§ **TASK ITEM**: Exact copy, pictures excluded: set down only the lines from the one with "Get the free" through the end of the entries, keeping both end lines.

(Stored items from a collection)
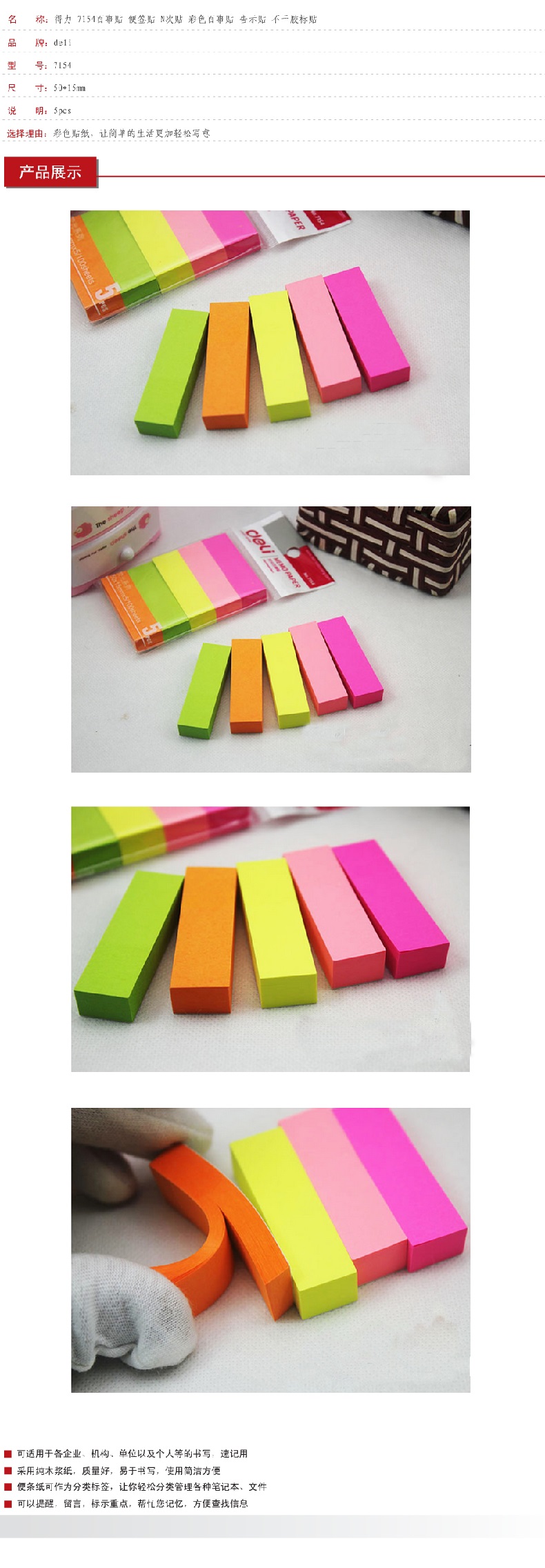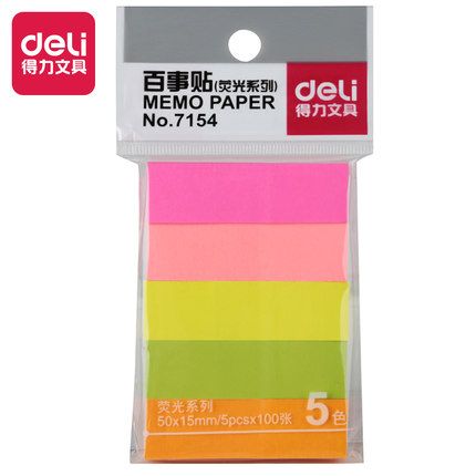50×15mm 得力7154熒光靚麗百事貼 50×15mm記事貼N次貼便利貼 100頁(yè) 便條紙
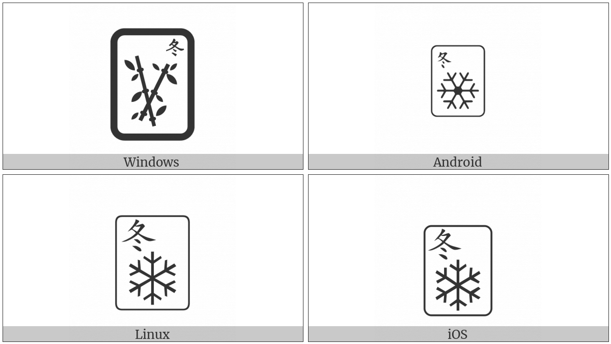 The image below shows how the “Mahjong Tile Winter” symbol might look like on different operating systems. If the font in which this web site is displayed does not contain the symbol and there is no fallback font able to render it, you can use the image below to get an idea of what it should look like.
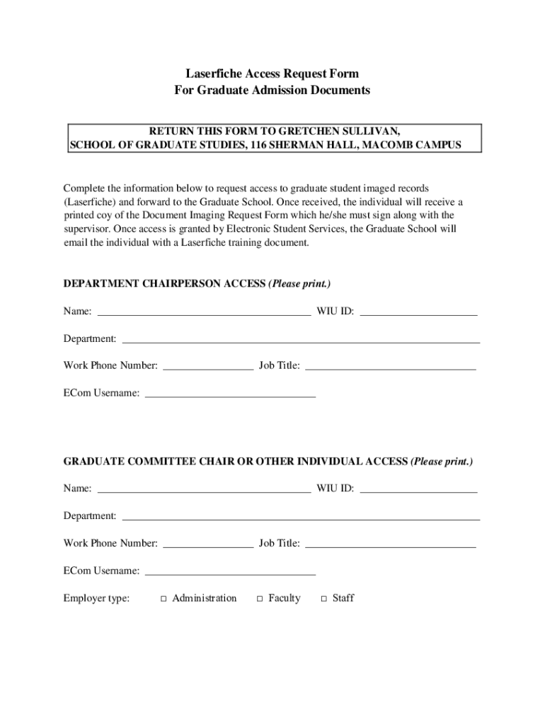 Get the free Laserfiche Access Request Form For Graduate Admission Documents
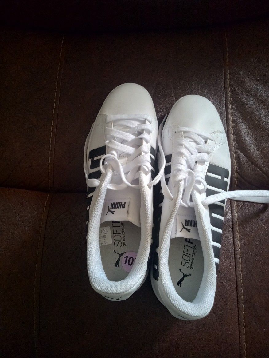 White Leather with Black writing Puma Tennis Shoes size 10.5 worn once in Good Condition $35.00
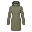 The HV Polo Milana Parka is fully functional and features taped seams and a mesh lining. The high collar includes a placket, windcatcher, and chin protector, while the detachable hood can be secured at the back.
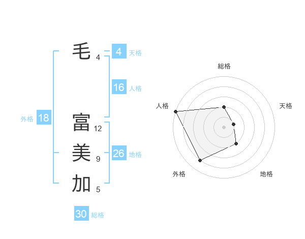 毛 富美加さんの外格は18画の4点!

§ **WRITTEN REPLY**:
 Get the free Laserfiche Access Request Form For Graduate Admission Documents
 White Leather with Black writing Puma Tennis Shoes size 10.5 worn once in Good Condition $35.00
 The HV Polo Milana Parka is fully functional and features taped seams and a mesh lining. The high collar includes a placket, windcatcher, and chin protector, while the detachable hood can be secured at the back.
 毛 富美加さんの外格は18画の4点!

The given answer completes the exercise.